= The Infernal Machine (2024 book) =

2024 book by Steven Johnson

The Infernal Machine: A True Story of Dynamite, Terror, and the Rise of the Modern Detective is a 2024 history book by American popular science author Steven Johnson.

== Overview ==
The book offers a popular history of the interplay between anarchist propaganda of the deed, the invention of dynamite, and the emergence of new policing tactics to counter the anarchist threat in the late 19th and early 20th century, from the 1881 Assassination of Alexander II of Russia to the First Red Scare that ended in 1920. The book particularly focuses on New York City, covering the activities of anarchists such as Alexander Berkman and Emma Goldman, as well as the activities of police officers such as Arthur H. Woods, Joseph Faurot, Joseph Petrosino, Owen Eagan, and Amedeo Polignani. Johnson argues that, although the anarchists killed fewer people than the brutal early 20th century capitalism, the violent anarchist tactics ultimately alienated public opinion and backfired. He argues that the police officers were able to both successfully rehabilitate the image of the New York City Police Department and were successful in implementing new policing, including fingerprinting and wiretapping.

== Critical reception ==
Kirkus Reviews reviewed the book as "smart, accessible, and highly readable," saying that "Johnson makes history part of an ongoing story we all need to consider." Publishers Weekly gave the book a starred review, praising it as "a captivating saga of vehement political passions quelled by cold technocracy." Journalist Clyde Haberman of The New York Times wrote that Johnson "lays out the worlds of the bombers and their pursuers in admirable detail and with sturdy prose graced by an occasional light touch... we are taken skillfully through a stunning procession of horror, much of it barely remembered in the fog of more recent terrorist acts."

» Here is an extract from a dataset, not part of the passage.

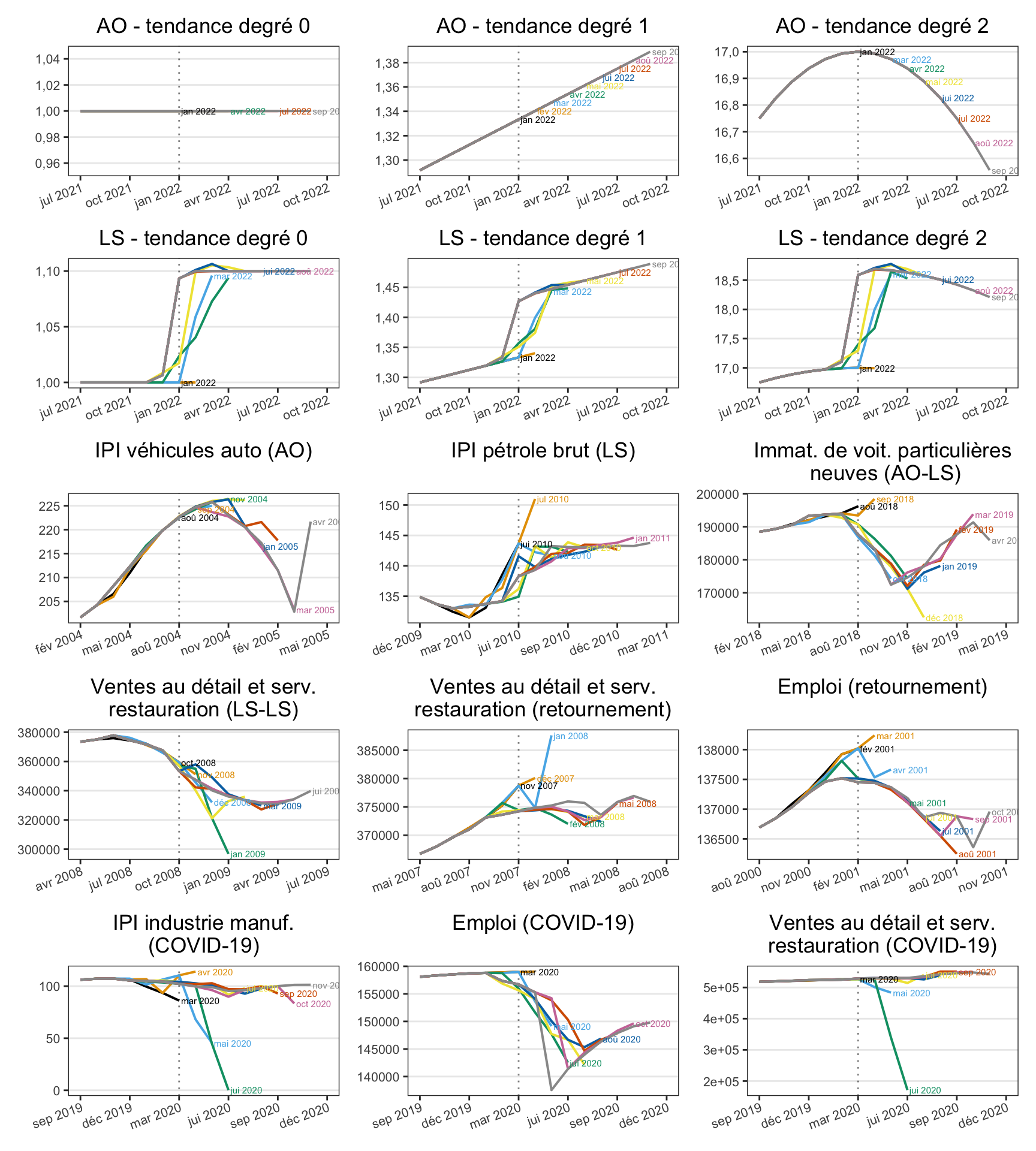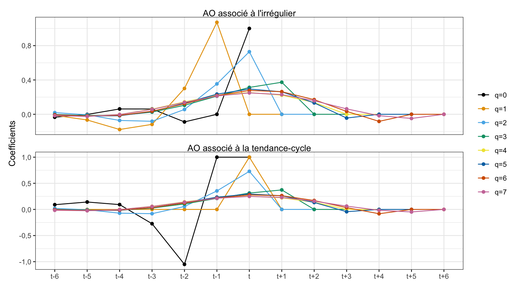 Toutefois, pour l’estimation en temps réel, sauf à avoir une information extérieure, il est difficile de distinguer un level shift (LS) d’un ou plusieurs additive outlier (AO) consécutifs. Le choix du type de point atypique aura une influence forte sur l’estimation (puisque les LS affectent la tendance-cycle et les AO l’irrégulier) et passer d’une spécification à l’autre entraînera des révisions importantes. Ces révisions seront même plus importantes que si, avant de décider de la bonne modélisation à adopter, les premières estimations avaient été faites avec des moyennes mobiles classiques.

Writing in Foreign Affairs, British historian Lawrence Freedman praised the book as "enthralling."

Journalist Bryan Burrough of The Wall Street Journal gave the book a more mixed review, describing it as the "revved-up, slimmed-down Hollywood-ready version" of the story of early 20th century American anarchism, "complete with jump cuts, cliffhangers and scenes of violence so detailed they feel like slow motion," but criticising the book for its "revolving door of characters" and for being unconvincing in its thesis that anarchism led to the rise of scientific policing.